There has been so much I have wanted to say in the past month but the words don’t come as freely to me as they did before. It has been quite the month to say the least but what I can say is I’m exhausted, I’m worried, and I’ve been fighting the fight since day one.
But before I get into that, let’s check in with my February goals and see how that’s going:
Goal #1: Be more physically active
I am so happy to say I have actually done well in this area! I am continuing to do yoga every day when I wake up, and am doing another form of exercise (usually HIIT or another more intense yoga video) three times a week.
While I haven’t been following Yoga with Adriene’s March calendar, I have been selecting videos based on my mood or muscle groups to target and have still maintained this habit.
I feel lighter, taller, my posture is better, and I’m overall feeling more awake in the morning.
Goal #2: Eat better
So far so good for this one too! Woohoo! I am still keeping track of the meals I eat. Rather than strictly counting calories, I am also being more mindful of eating more vegetables and meal prepping more. I am not skipping breakfast (for the most part) and with my Hidrate Spark water bottle, I am also drinking more water and reaching my water intake goals for the day. Although they are a little more on the pricey side, the glowing reminders and the graph tracking my progress throughout the day has been very reinforcing.
Goal #3: Keep Going
With this mindset, I am feeling proud of the work I have put towards improving myself. I have lost about 8 lbs since February 2nd but even more importantly are the non-scale victories I have been achieving:
- my clothes fit better
- my energy levels are much higher
- I have continued sticking to a routine
- I am more mindful of what I eat, do, and how much I sleep
Other Events in My Life:
I may have mentioned this in the past but I work as an instructor therapist with children with autism and other developmental disabilities. If you aren’t a resident of Ontario (or even if you are), you may not have heard that the provincial government has changed its autism program in terms of funding.
To quickly summarize: children were previously assessed on need and several children were on a waitlist to access services such as IBI (which is work I do – Intensive Behavioural Interventions). This plan claims to clear the waitlist and provide families with more choice.
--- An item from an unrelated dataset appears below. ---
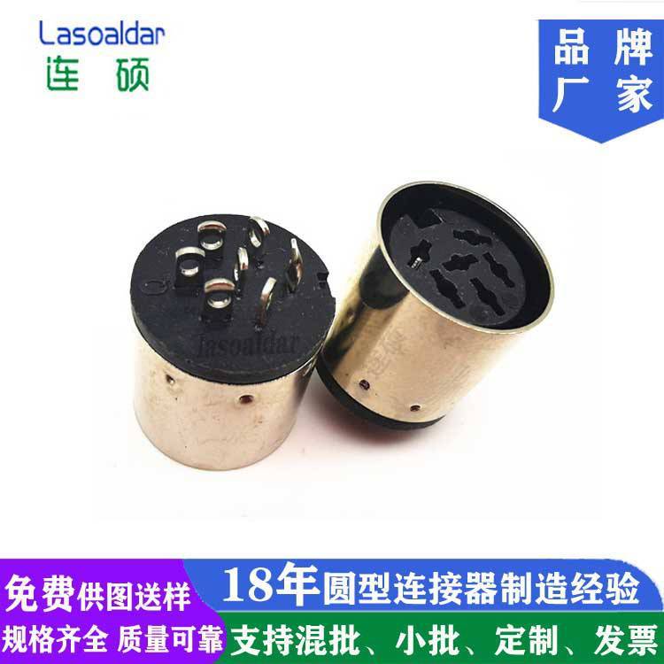 LASOALDAR连硕品牌厂家生产大DIN6PIN母插头实心车针六芯孔圆形母座DS端子焊线成型式连硕达
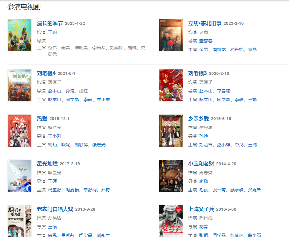 代表作品:刘老根、马大帅、跟踪孔令学、南京!南京!、老大的幸福、小宝和老财、耳朵大有福、即日启程

While on the surface, it looks to be more fair and equitable, it isn’t. The only way it IS fair and equitable is that NO children will be able to access the treatment they need for success. Here are Mike Moffat’s 10 short reasons the new Autism Program should be scrapped. (I could honestly write like, 10 more blog posts on this subject ALONE)
For a more detailed look at what the Ontario PC government has claimed and the truth behind those claims, check out this article.
Here’s how it affects me:
- I am so worried for the children and families. I have worked in adult services and that is no walk in the park (honestly, I could also write a few blog posts about this as well). I have so much hope for these children, especially those I have worked with and I want the best for them and their futures. Families are being put in a difficult position financially, emotionally, and mentally. They have a hard enough time with day-to-day activities but are now forced to spend what little spare time they have to fight against the government on social media, through emails, meetings, and other efforts. Being an empathetic person by nature, it is impossible not to take these feelings to heart and feel what they feel. I continue to fight with them for a better solution.
- Job security – Families pay for services which then pays us. Lack of access to services due to insufficient funds means lack of work. It is very uncertain in the field of ABA how companies will be able to stay strong financially throughout this crisis. This is widespread across the province with layoffs beginning in companies already. While I have faith in my organization and the strong, dedicated leaders, the uncertainty is not something I am good at handling as someone with a diagnosed anxiety disorder. I am a planner. I like to know what lies ahead. I don’t have that. I am nervous. I am trying to remain positive.
That is just scratching the surface of all of the thoughts and feelings I have about this today. I will be releasing an infographic I created talking more about the Ontario Autism Program for those interested.
I’m off to do a night yoga routine before going to sleep. I need it tonight, especially.